= Youth mental health crisis =

Rise in poor mental health among adolescents and young adults

The youth mental health crisis is a significant increase in mental health conditions among adolescents and young adults worldwide. The trend emerged in the early 2010s and escalated during the COVID-19 pandemic. Key indicators include rising rates of depression, anxiety, self-harm, and suicide. The advancement of technology and social media has played a large role in these issues, with data showing that adolescent girls are disproportionately affected.

== Prevalence ==
In October 2021, the American Academy of Pediatrics (AAP), the American Academy of Child and Adolescent Psychiatry (AACAP), and the Children's Hospital Association (CHA) jointly declared a "national emergency in child and adolescent mental health.". Two months later, U.S. Surgeon General Vivek H. Murthy published a rare public health advisory, sounding alarm at a "devastating" decline in mental health faced by young people in America. According to the report, while the COVID-19 pandemic accelerated the trend, the sharp drop in youth mental health had already begun ten years prior. Due to the increasing number of youth mental health issues after COVID, the CDC noted that 55% of U.S. Adolescents reported that they discuss their mental and emotional health with a healthcare professional.
Compared to the past, youth, parents, and professionals today are more likely to talk about mental health issues, and this can result in better outcomes.

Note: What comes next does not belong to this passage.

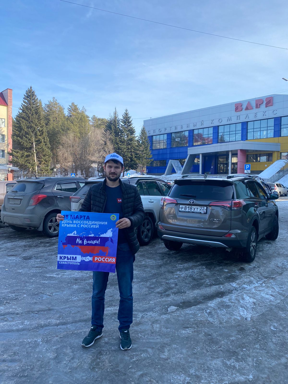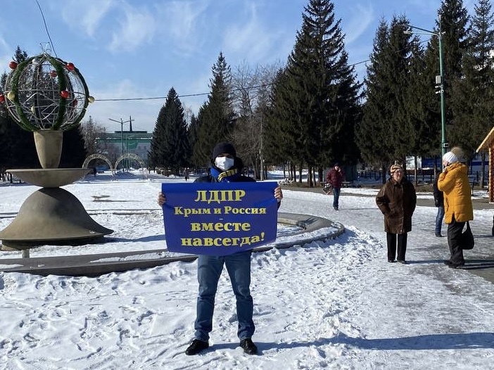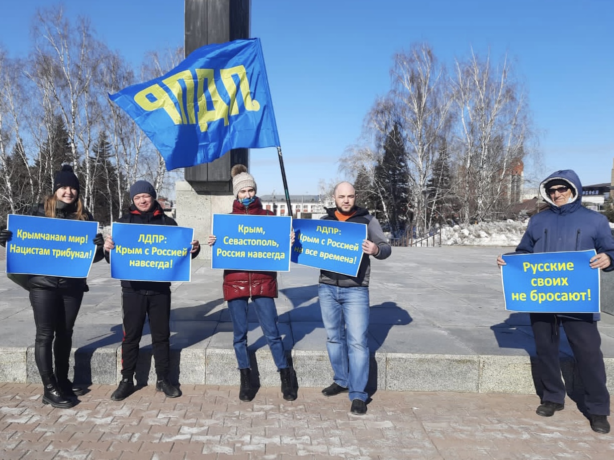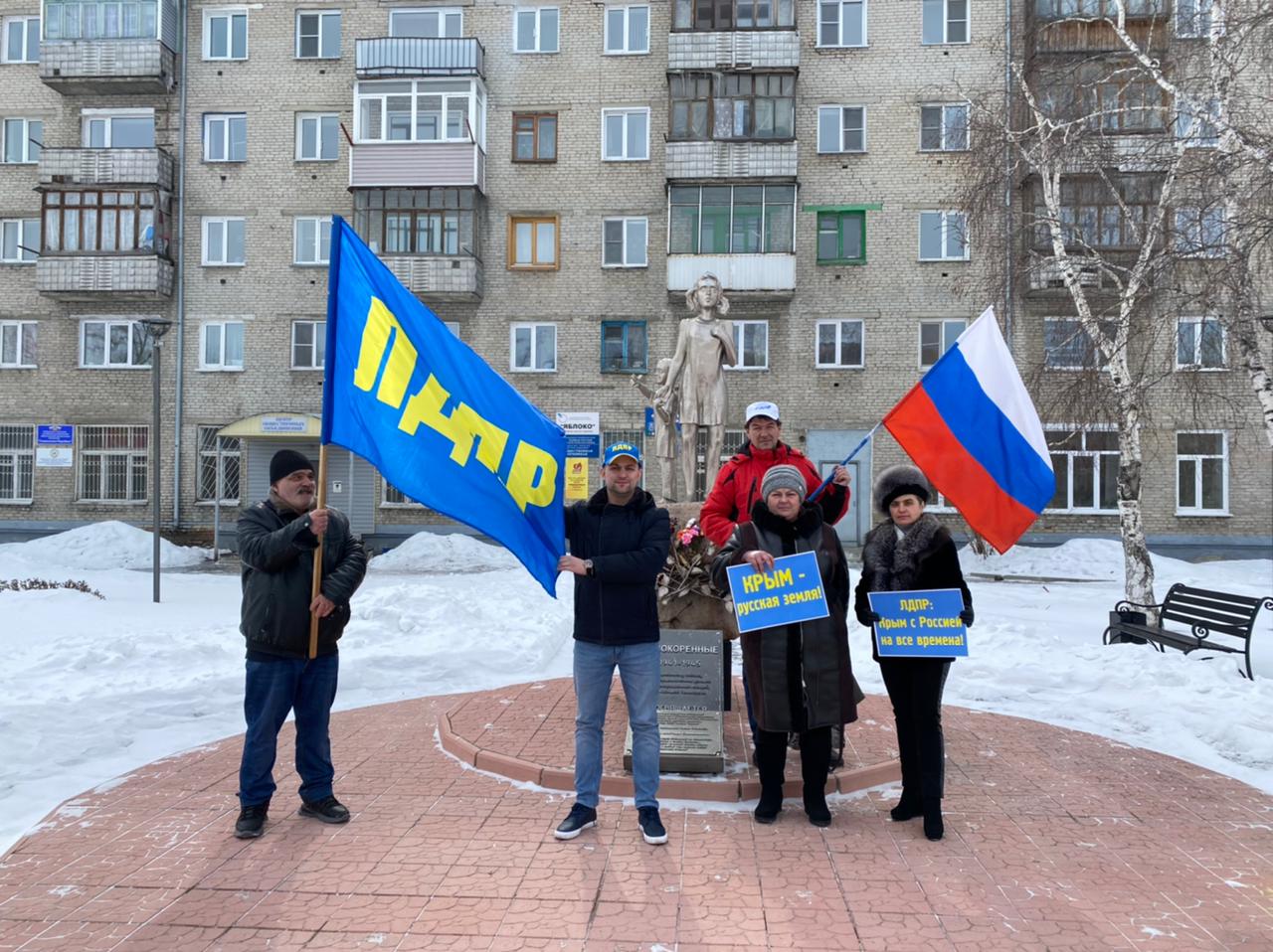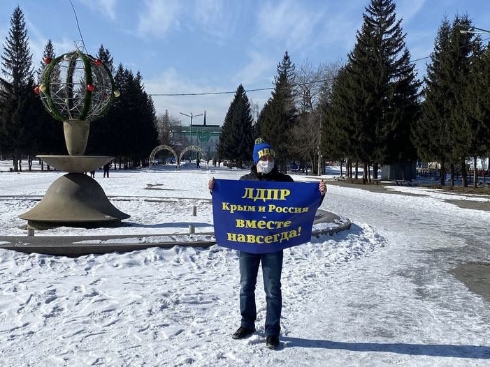 Координатор Бийского городского отделения ЛДПР Максим Железовский вместе с координаторами первичных отделений города Бийска присоединились к проведению пикетов в поддержку воссоединения Крыма и России.
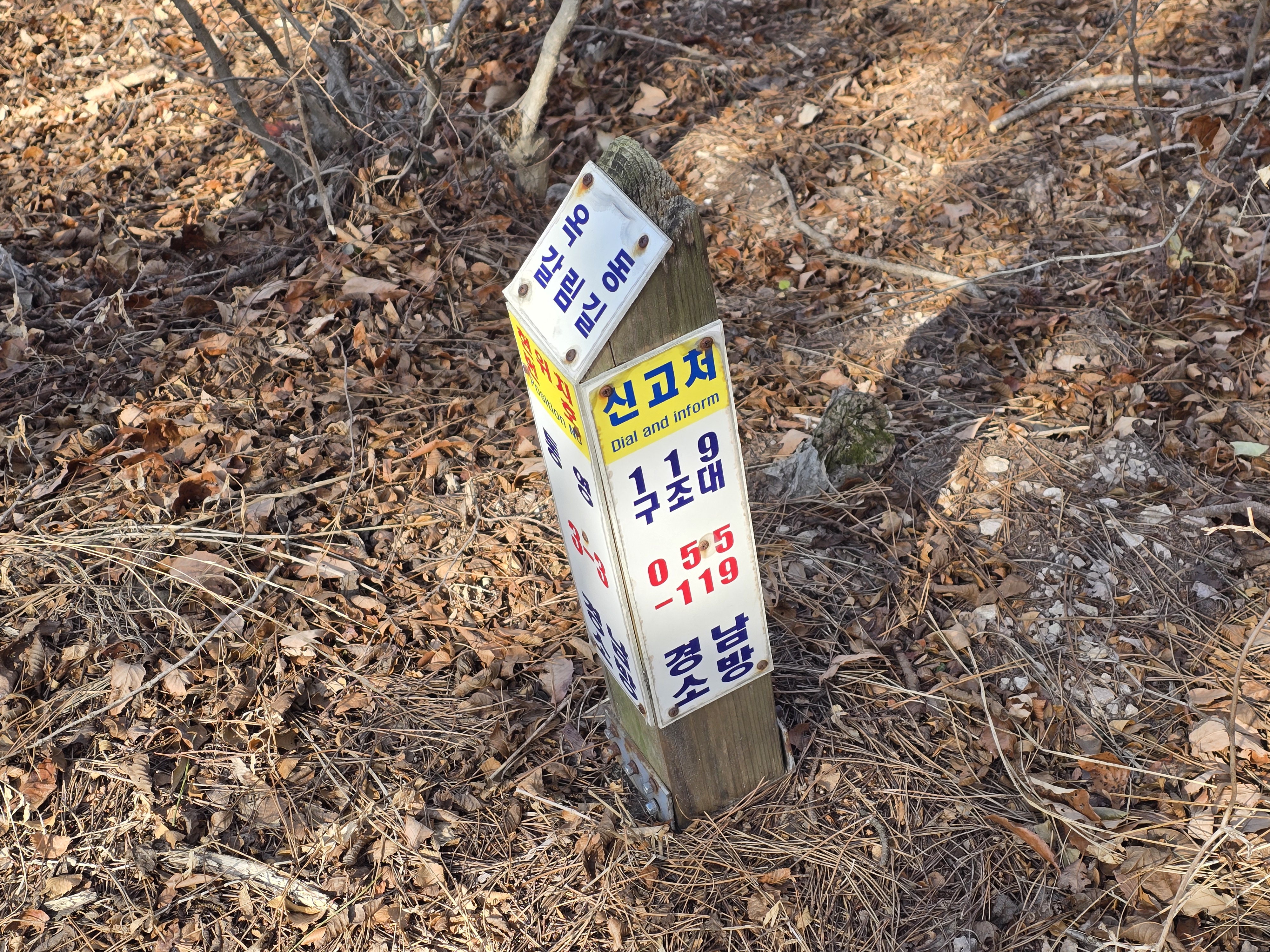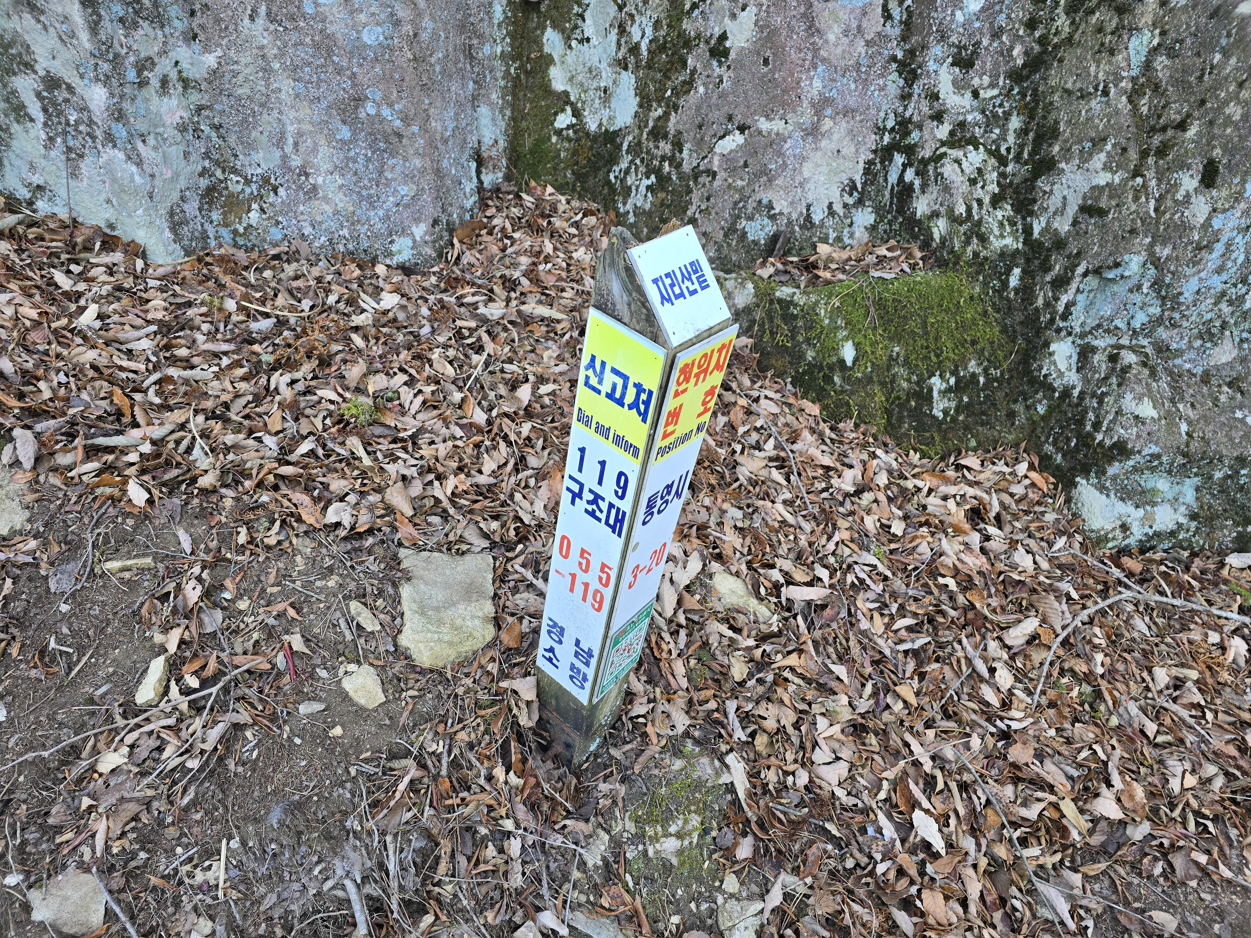 정자 쉼터 건너편의 철망 울타리 사이로 난 지리산 이정표를 보고 산길에 접어든다.

Between 2014 and 2024, the suicide rate for young Americans aged 10-24 years has risen by 56%, with Black youth experiencing a particularly sharp rise of 78%.
Other signs of mental health distress, such as self-harm episodes, major depressive episodes, and anxiety, have also shown similar growth. 32% of teens say social media has a negative effect on people their age.
When asking parents their opinions on their child’s social media usage, 28% say their child(ren) struggle with anxiety and depression. Contributing factors to this crisis also include academic pressure, social isolation, economic stress, and increased exposure to digital environments, all of which can negatively impact young people's emotional well-being.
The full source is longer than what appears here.